Finse is Norway's highest railway station, sitting at 1,222 metres above sea level on the Bergen Line. There is no road here. You arrive by train, on foot, or by bicycle – and that isolation is exactly the point.
The station opened in 1908, a year before the full Bergen Railway was completed. The hotel followed in 1909, built partly as a refuge in case trains got stuck in snow, and partly because someone saw potential in tourism. That someone was Alice Lister Fangen, a resourceful woman who had been running accommodation here since 1903, before the railway even arrived. Within years, Finse became fashionable among European aristocracy.
The place attracted more than wealthy tourists. Polar explorers discovered that Finse offered conditions similar to Antarctica without the journey. Fridtjof Nansen trained here. So did Ernest Shackleton before his Imperial Trans-Antarctic Expedition. Roald Amundsen came too. A century later, people still come to Finse for polar training courses.
Then came Hollywood. In March 1979, a film crew arrived to shoot the ice planet Hoth scenes for The Empire Strikes Back. The original plan was to film on the Hardangerjøkulen glacier, a 90-minute journey from the hotel. Instead, they got the worst snowstorm in half a century – temperatures dropped to minus 32°C, winds gusted at 65 km/h, and avalanches cut off the railway line entirely.

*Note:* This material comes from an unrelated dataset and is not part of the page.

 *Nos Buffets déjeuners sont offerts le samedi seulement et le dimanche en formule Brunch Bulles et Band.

Harrison Ford wasn't even supposed to come to Norway, but schedule changes sent him there at the last minute. He arrived at the airport in jeans, a t-shirt and a light jacket – not ideal for arctic conditions. Getting to Finse proved even worse. The only way in was by snowplough train, which promptly went three hours in the wrong direction before turning around. Ford arrived after ten hours, in the dark, having shared a bottle of scotch with the non-English-speaking train driver.

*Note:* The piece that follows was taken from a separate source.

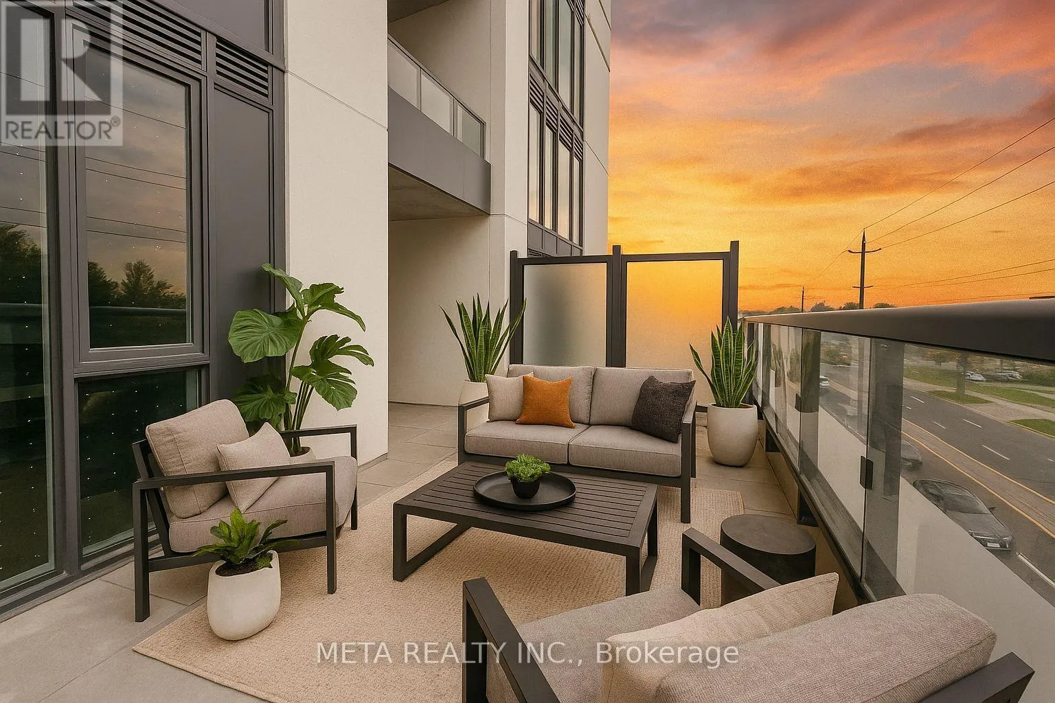 Cross Streets: Davis Drive & Patterson. ** Directions: Westbound on Davis Drive, turn right into building parking lot before Patterson St. This is the most elegant building in all of Newmarket! Not only is it new and never lived in but its designed with class and sophistication. Let me save you some time on your search with highlights of this 1 bed 1 bath unit. The lucky working professional or couple who will reside in this unit gets the luxury of a terrace triple the size of the balconies unique to only the 4th floor. Additionally the rooftop lounge and is also on the 4th floor for easy accessibility. The primary is a true fully enclosed bedroom with solid walls (no glass partitions) for complete privacy and quiet comfort. Furthermore it has 3 windows composing of floor to ceiling natural light and option for fresh air (save on utilities), along with a large double closet. The layout is functional giving space for a freestanding island if you wanted, a good size couch/sectional with a dedicated Tv wall in the living area, all without taking away space from the kitchen. This unit comes with 1 parking space and 1 locker. Building amenities include: Gym, 24 Hr Concierge, Rooftop Terrace and lounge, Meeting Room, Multipurpose room, Guest Suites, Pet Exercise Area, Bike Storage and Visitor Parking. Close to Southlake Hospital, the GO Station, Costco, Upper Canada Mall, shops, restaurants, and with easy access to Highway 404. (id:27476)

The crew improvised constantly. The scene where Luke Skywalker collapses in the snow and sees the ghost of Obi-Wan Kenobi? That was filmed 30 feet from the hotel's back door. As Mark Hamill later recalled: "If you turned the camera around, you saw people on their balconies having hot chocolate while Harrison Ford and I were acting next to a dead tauntaun." The makeup artist would scoop up snow and pack it into Hamill's eyelashes between takes.
Norwegian army and mountain rescue skiers played the rebel soldiers – they spoke little English and acted against an imaginary Empire that would be added later.
Carrie Fisher came to Finse even though Princess Leia had no outdoor scenes. When asked why she was there, she quipped: "I'm only here to irritate the crew." The second unit, scheduled for three weeks, stayed for eight. They returned to London with only half the planned footage.
The hotel still displays photographs and memorabilia from the production. Every February, Star Wars fans gather for "Hoth Strikes Back" – a weekend of talks, glacier treks, and meetings with original crew members. The landscape hasn't changed since 1979.
During World War II, the Germans requisitioned the hotel to test aviation fuel in arctic conditions and build an airstrip on the glacier. One plane landed. It never took off again and had to be dismantled and sent home by train.
Today Finse has a permanent population of about six people. There is the hotel, the DNT cabin Finsehytta, a post office – Norway's oldest and highest, established in 1904 – and the Rallar Museum in the old locomotive shed.